- TASK DESCRIPTION: Give back all of the records, exactly and completely.

- DATA FOR THIS EXERCISE:
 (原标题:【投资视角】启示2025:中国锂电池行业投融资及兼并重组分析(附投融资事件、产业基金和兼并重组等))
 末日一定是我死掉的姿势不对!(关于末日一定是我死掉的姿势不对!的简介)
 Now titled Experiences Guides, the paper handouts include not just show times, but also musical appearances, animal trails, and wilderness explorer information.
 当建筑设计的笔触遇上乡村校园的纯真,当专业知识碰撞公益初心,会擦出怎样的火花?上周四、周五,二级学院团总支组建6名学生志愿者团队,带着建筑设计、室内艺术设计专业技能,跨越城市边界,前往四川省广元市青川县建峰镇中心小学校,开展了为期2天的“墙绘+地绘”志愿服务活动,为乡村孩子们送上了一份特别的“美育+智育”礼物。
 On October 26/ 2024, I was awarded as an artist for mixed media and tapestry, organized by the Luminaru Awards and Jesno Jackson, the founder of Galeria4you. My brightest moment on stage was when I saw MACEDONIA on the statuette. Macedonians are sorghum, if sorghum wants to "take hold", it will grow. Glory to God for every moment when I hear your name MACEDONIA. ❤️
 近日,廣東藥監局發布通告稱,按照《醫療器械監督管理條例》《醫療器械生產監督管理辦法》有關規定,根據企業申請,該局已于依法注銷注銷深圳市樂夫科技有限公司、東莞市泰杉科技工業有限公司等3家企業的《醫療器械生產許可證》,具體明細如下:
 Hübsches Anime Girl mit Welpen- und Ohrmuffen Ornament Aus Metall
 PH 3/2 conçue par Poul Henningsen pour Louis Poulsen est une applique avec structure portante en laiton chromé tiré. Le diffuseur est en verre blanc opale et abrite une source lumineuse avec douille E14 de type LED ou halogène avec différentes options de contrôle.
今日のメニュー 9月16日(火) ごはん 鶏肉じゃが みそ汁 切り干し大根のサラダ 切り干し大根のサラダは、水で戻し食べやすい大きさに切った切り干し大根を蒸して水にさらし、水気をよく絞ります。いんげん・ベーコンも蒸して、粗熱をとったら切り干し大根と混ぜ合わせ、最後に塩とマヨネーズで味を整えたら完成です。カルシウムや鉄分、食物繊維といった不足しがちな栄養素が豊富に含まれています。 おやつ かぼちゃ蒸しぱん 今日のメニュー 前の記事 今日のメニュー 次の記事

- RESPONSE TO THE EXERCISE:
 (原标题:【投资视角】启示2025:中国锂电池行业投融资及兼并重组分析(附投融资事件、产业基金和兼并重组等))
 末日一定是我死掉的姿势不对!(关于末日一定是我死掉的姿势不对!的简介)
 Now titled Experiences Guides, the paper handouts include not just show times, but also musical appearances, animal trails, and wilderness explorer information.
 当建筑设计的笔触遇上乡村校园的纯真,当专业知识碰撞公益初心,会擦出怎样的火花?上周四、周五,二级学院团总支组建6名学生志愿者团队,带着建筑设计、室内艺术设计专业技能,跨越城市边界,前往四川省广元市青川县建峰镇中心小学校,开展了为期2天的“墙绘+地绘”志愿服务活动,为乡村孩子们送上了一份特别的“美育+智育”礼物。
 On October 26/ 2024, I was awarded as an artist for mixed media and tapestry, organized by the Luminaru Awards and Jesno Jackson, the founder of Galeria4you. My brightest moment on stage was when I saw MACEDONIA on the statuette. Macedonians are sorghum, if sorghum wants to "take hold", it will grow. Glory to God for every moment when I hear your name MACEDONIA. ❤️
 近日,廣東藥監局發布通告稱,按照《醫療器械監督管理條例》《醫療器械生產監督管理辦法》有關規定,根據企業申請,該局已于依法注銷注銷深圳市樂夫科技有限公司、東莞市泰杉科技工業有限公司等3家企業的《醫療器械生產許可證》,具體明細如下:
 Hübsches Anime Girl mit Welpen- und Ohrmuffen Ornament Aus Metall
 PH 3/2 conçue par Poul Henningsen pour Louis Poulsen est une applique avec structure portante en laiton chromé tiré. Le diffuseur est en verre blanc opale et abrite une source lumineuse avec douille E14 de type LED ou halogène avec différentes options de contrôle.
今日のメニュー 9月16日(火) ごはん 鶏肉じゃが みそ汁 切り干し大根のサラダ 切り干し大根のサラダは、水で戻し食べやすい大きさに切った切り干し大根を蒸して水にさらし、水気をよく絞ります。いんげん・ベーコンも蒸して、粗熱をとったら切り干し大根と混ぜ合わせ、最後に塩とマヨネーズで味を整えたら完成です。カルシウムや鉄分、食物繊維といった不足しがちな栄養素が豊富に含まれています。 おやつ かぼちゃ蒸しぱん 今日のメニュー 前の記事 今日のメニュー 次の記事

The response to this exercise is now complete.